:: GIVEN INFORMATION
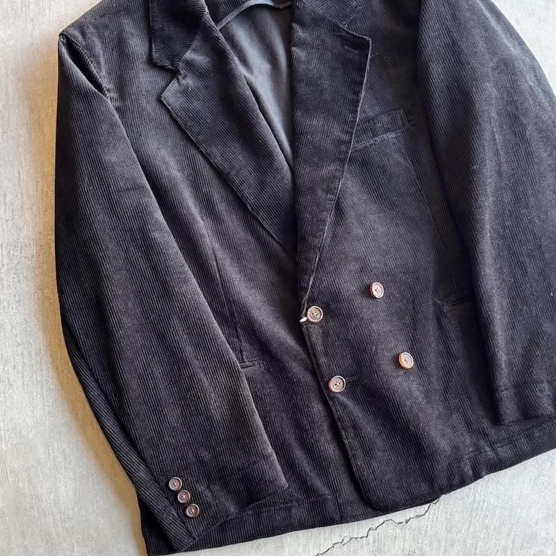 アウター感覚でも着用可能な一枚仕立てのダブルジャケット。身ごろやアームをゆったりととった一方、着丈はややジャストめでワイドなジャケットにも合わせやすいバランスです。裏地を使用せず、仕立ての美しさと機能性の両立を目指し、ハンドステッチやパイピングをはじめとした様々な縫製仕様を使い分けて仕立てました。随所に手作業を盛り込んだ贅沢な仕様です。仕立ては本格ながら気負わず着られるジャケットを目指し、ショルダーラインは自然に馴染むように設計されております。パターンやステッチワーク、倒し方向などを通常のジャケットとは大幅に変更しています。
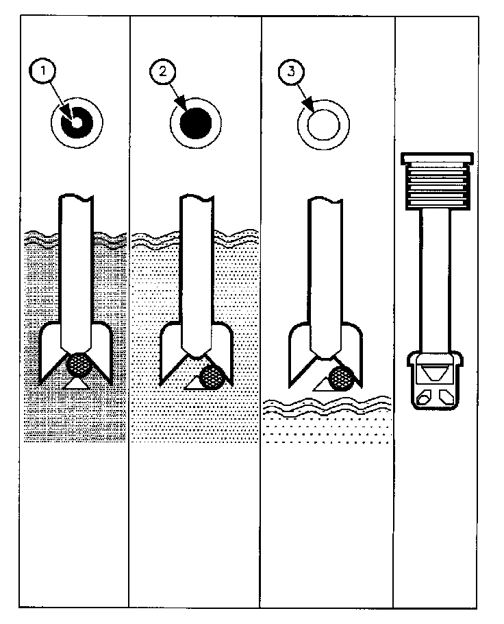 - Dark indicator, green dot not visible: this indicates an insufficient charge of less than 65 percent. The battery must be charged according to the "Battery Charging" procedure.
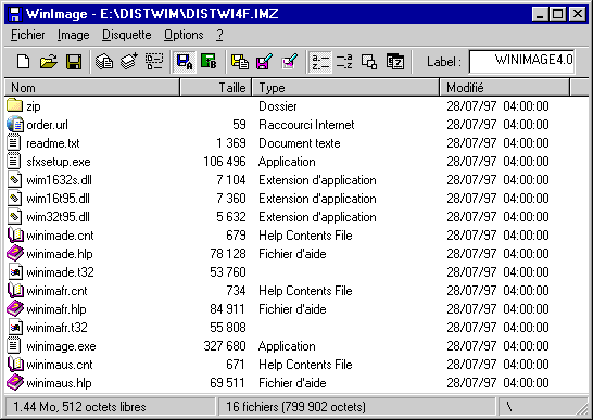 WinImage, et les exécutables SFX sont traduits (dans WinImage 4.0, les fichiers
::::
**REQUIRED ACTION:**
Output all of the data exactly as it stands, minus any images.

**EXPECTED ANSWER:**
 アウター感覚でも着用可能な一枚仕立てのダブルジャケット。身ごろやアームをゆったりととった一方、着丈はややジャストめでワイドなジャケットにも合わせやすいバランスです。裏地を使用せず、仕立ての美しさと機能性の両立を目指し、ハンドステッチやパイピングをはじめとした様々な縫製仕様を使い分けて仕立てました。随所に手作業を盛り込んだ贅沢な仕様です。仕立ては本格ながら気負わず着られるジャケットを目指し、ショルダーラインは自然に馴染むように設計されております。パターンやステッチワーク、倒し方向などを通常のジャケットとは大幅に変更しています。
 - Dark indicator, green dot not visible: this indicates an insufficient charge of less than 65 percent. The battery must be charged according to the "Battery Charging" procedure.
 WinImage, et les exécutables SFX sont traduits (dans WinImage 4.0, les fichiers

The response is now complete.